As the news sunk in there was an immense showing of support. The hapi hour Slack was filled with brainstorming sessions on how to successfully commercialize hapi in such a way that it could carry forward as-is. But the real turning point occurred when core team member Colin Ihrig announced he would pursue a fork on his own if these other options didn't pan out.
in case anyone cares, i've already decided that i will be forking the hapi org if the current open source project really does come to a conclusion https://t.co/DbRiipK7w8
— Colin Ihrig (@cjihrig) July 2, 2020
This announcement incited lots of organic person-to-person chatter which resulted in a small group, consisting principally of hapi's original authors and core team including myself, self-organizing to secure hapi’s future.
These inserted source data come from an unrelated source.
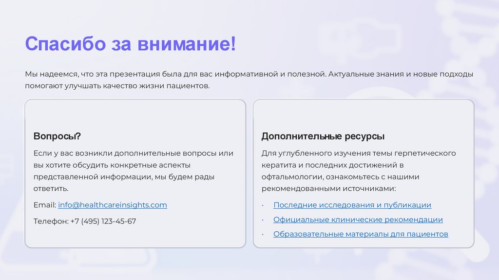 Эти направления лечения обещают значительно улучшить прогноз для пациентов с герпетическим кератитом и сократить риск потери зрения.
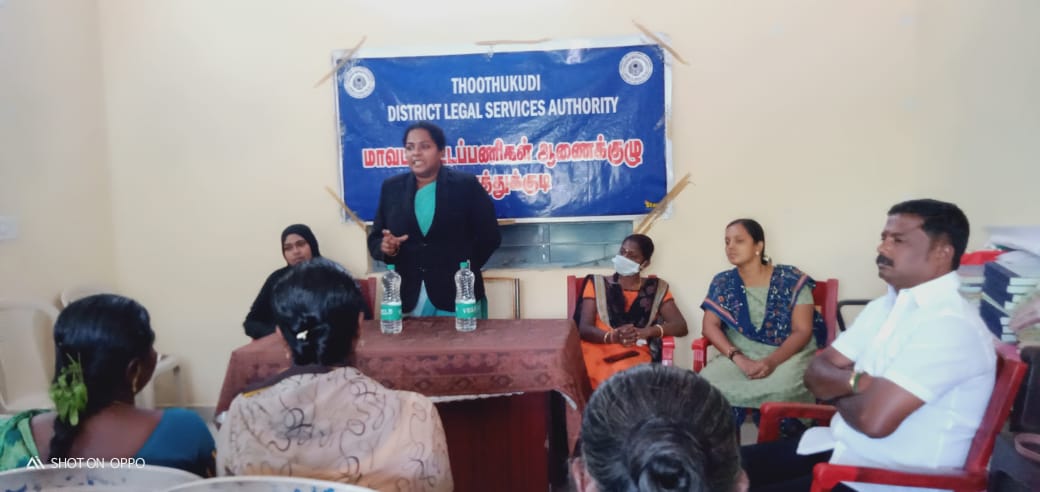 பெண்கள் மற்றும் குழந்தைகளின் பாதுகாப்பு பற்றிய சட்ட விழிப்புணர்வு முகாம் தேசிய சட்டப்பணிகள் ஆணைக்குழு மற்றும் தமிழ்நாடு மாநில சட்டப்பணிகள் ஆணைக்குழுவின் உத்தரவின் அடிப்படையில் தூத்துக்குடி மாவட்டம் மாப்பிள்ளையூரணி கிராமத்தில் உள்ள ஊராட்சி ஒன்றிய அலுவலகத்தில் வைத்து நேற்று (25.08.2022) தூத்துக்குடி மாவட்ட சட்டப்பணிகள் ஆணைக்குழுவின் மூலம் பெண்கள் மற்றும் குழந்தைகளின் பாதுகாப்பு பற்றிய சட்ட விழிப்புணர்வு முகாமானது நடைபெற்றது. அதில் மாண்புமிகு தூத்துக்குடி மாவட்ட சட்டப்பணிகள் ஆணைக்குழுவின் செயலாளர்/ சார்பு நீதிபதி திருமதி.M.பீரித்தா, M.L., அவர்கள் தலைமை தாங்கினார். நீதிபதி பீரித்தா
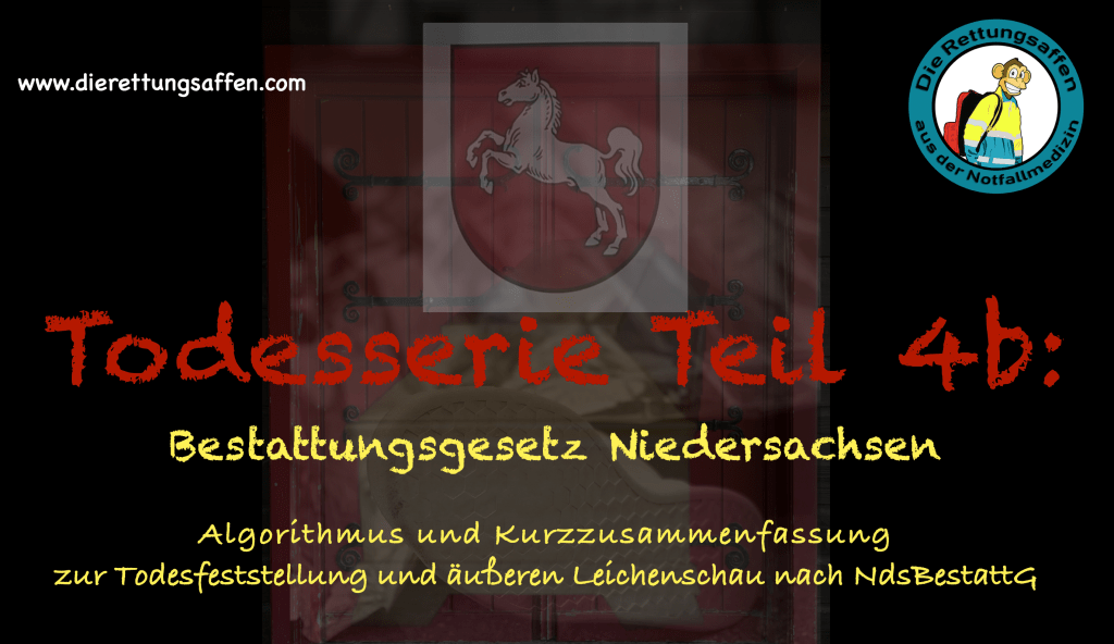 Auch wenn beides auf die in Niedersachsen geltenden Regelungen zugeschnitten ist, so lässt sich der Algorithmus gleichwohl auf andere Bundesländer durchaus adaptieren, wobei natürlich auf die jeweils einschlägigen Besonderheiten zu achten ist. Eine eigene Zusammenfassung der einzelnen Bestattungsgesetze hatten wir in Teil 4a („Todesserie Teil 4a – Die Bestattungsgesetze der Bundesländer im Überblick„) vorgestellt.
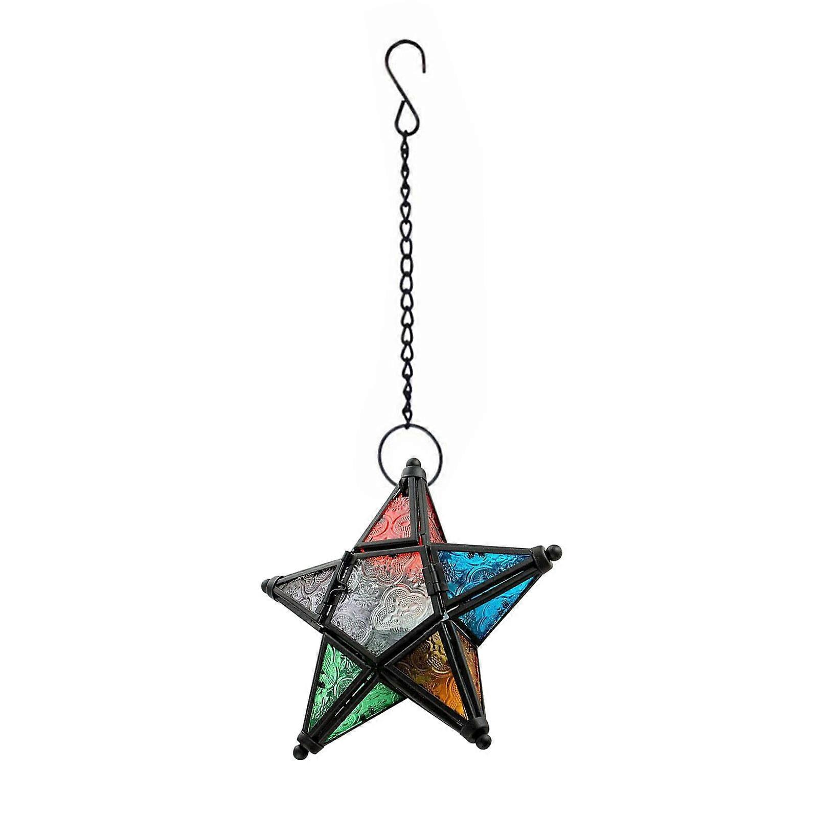 European Style Colored Embossed Glass Five Pointed Star Candlestick Hanging Wind Lamp Aromatherapy Candle Holder Home Decoration Features: These star glass are handcrafted in rich and lustrous colors that are eye-catching and instantly ambience to any room. Each is hand assembled by skilled artisans who often pass their skills down from generation to generation. Dimensions: 19.5 x 19.5 x 5.5cm Artisanal Metalwork and Glass handmade in china Additional Information: Please note that this product requires a candle as a light source. Please be aware of the flame of the candle when lighting this product. Keep from small children and . Product Description: Material: metal + glass Dimensions: as picture shown Color: as picture shown Package Included: 1 X candle pendant Notice : Due to different monitors or different color reflections such as lighting, background, etc., the picture may not reflect the actual color of the item. Miayilima European Style Colored Embossed Glass Five Pointed Star Candlestick Hanging Wind Lamp Aromatherapy Candle Holder Home Decoration Ready to disassemble and use, easy to clean. High quality materials, use with confidence. A portable tableware tool that is perfect for family gatherings, outdoor barbecues, event parties, school graduation, and other occasions. Having it will not take up space, but it can also bring a lot of convenience to life and bring more fun.
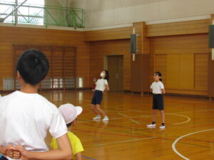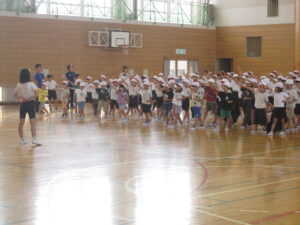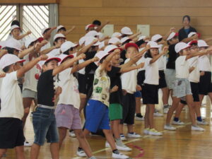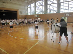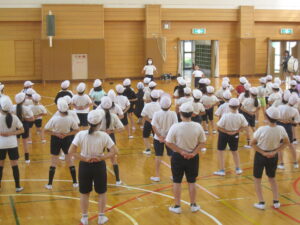 今日は白団が体育館で応援団練習を行いました。リーダーの元気な第一声でスタートしました。最初は白団全員での声出しや手拍子を中心に行いました。手の動かし方や体の上下移動にこだわって時間一杯練習に取り組みました。
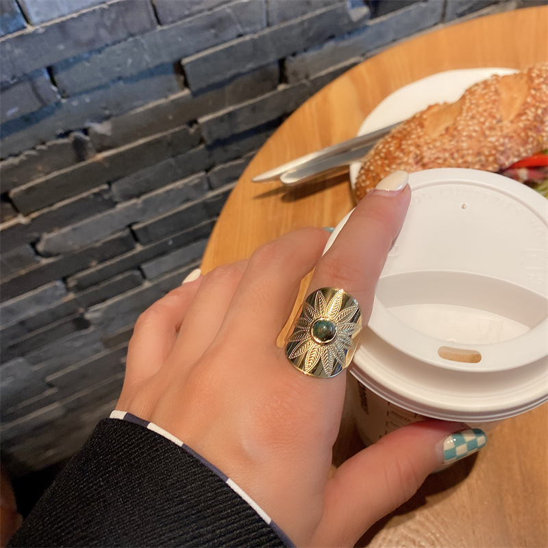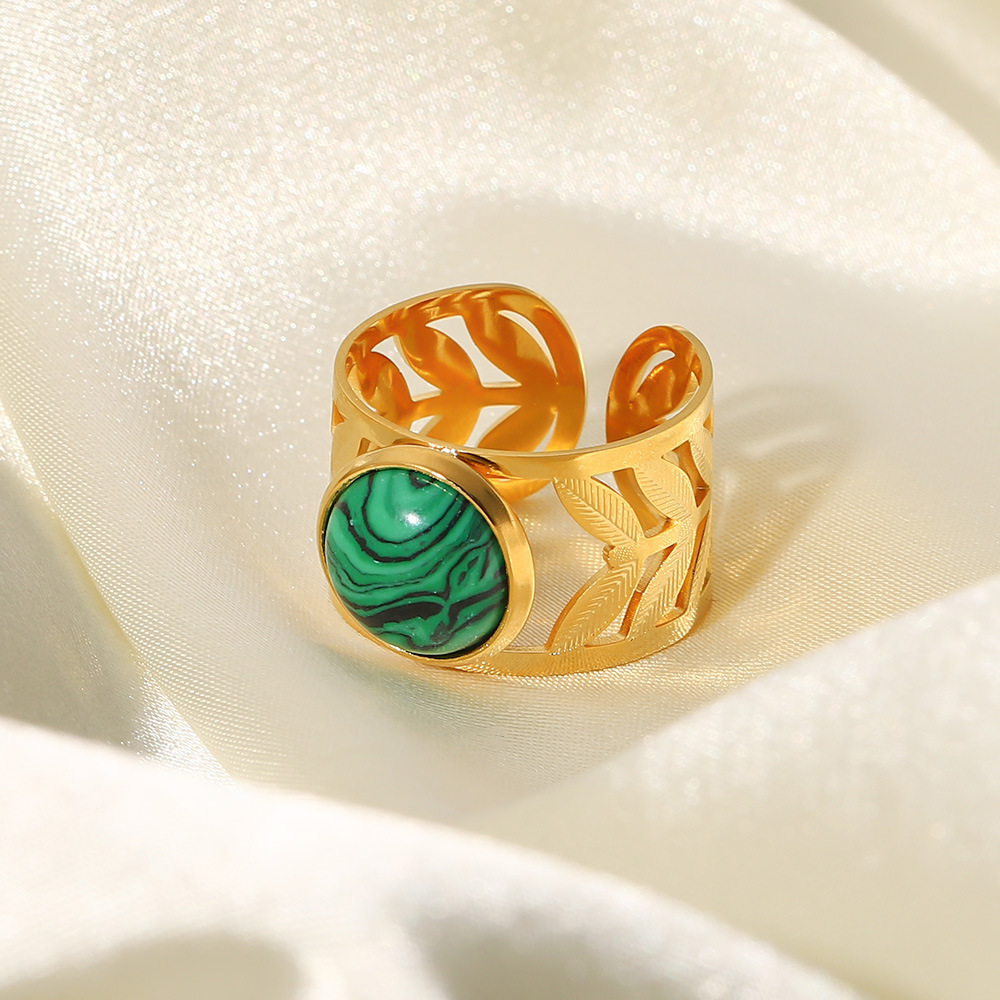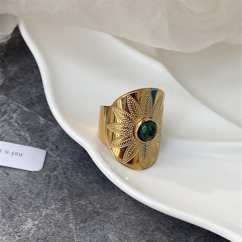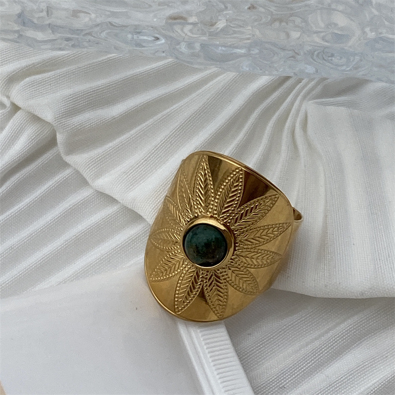 Type: RingMaterial: titanium steelStyle: fashion OLShape: geometricStyle: Women'sInlay material: turquoiseColor: GoldSize: Opening adjustable

Eran agreed that we were a suitable group to hand the project off to, and since then we've been on our way. If you're interested to hear more about our plans and who we are, you can see our announcement.
This is actually a hapi dream team https://t.co/0x6WzdCPKc
— Vladimir de Turckheim (@poledesfetes) July 13, 2020
Big Room Studios closely monitored the situation for weeks throughout this process. For over five years hapi has been at the center of our stack, and we have a ton of institutional knowledge surrounding the framework. So it was honestly a bit of an existential crisis for us: if nobody steps-up to maintain hapi, do we pursue a fork of our own? Or is it smarter to switch frameworks— or even languages? Could a community fork without Eran's support gain any traction? We wanted to act in the best interest of our clients, but we also have deep roots in the hapi ecosystem and care about the fate of the community.
We are proud that our long-term investment in hapi through community engagement and sponsoring projects such as hapi pal has placed us in a position to simultaneously act in the best interest of our clients, protect our development team's institutional knowledge, and give back to hapi in the most direct way possible: sponsoring a developer to participate on hapi's leadership team.
That's right! Big Room Studios is sponsoring me to spend five hours per week participating in hapi's newly-established Technical Steering Committee, whose primary functions are to provide technical direction, onboard collaborators, and facilitate consensus-seeking within the community. And that is exactly where we find the silver lining in this whole ordeal: hapi is moving away from the single-minded BDFL governance model to a promising community-oriented approach that we've never tried before. As far as Big Room, plenty of hapi community members, and I am concerned— we're in exciting new territory and the path is bright!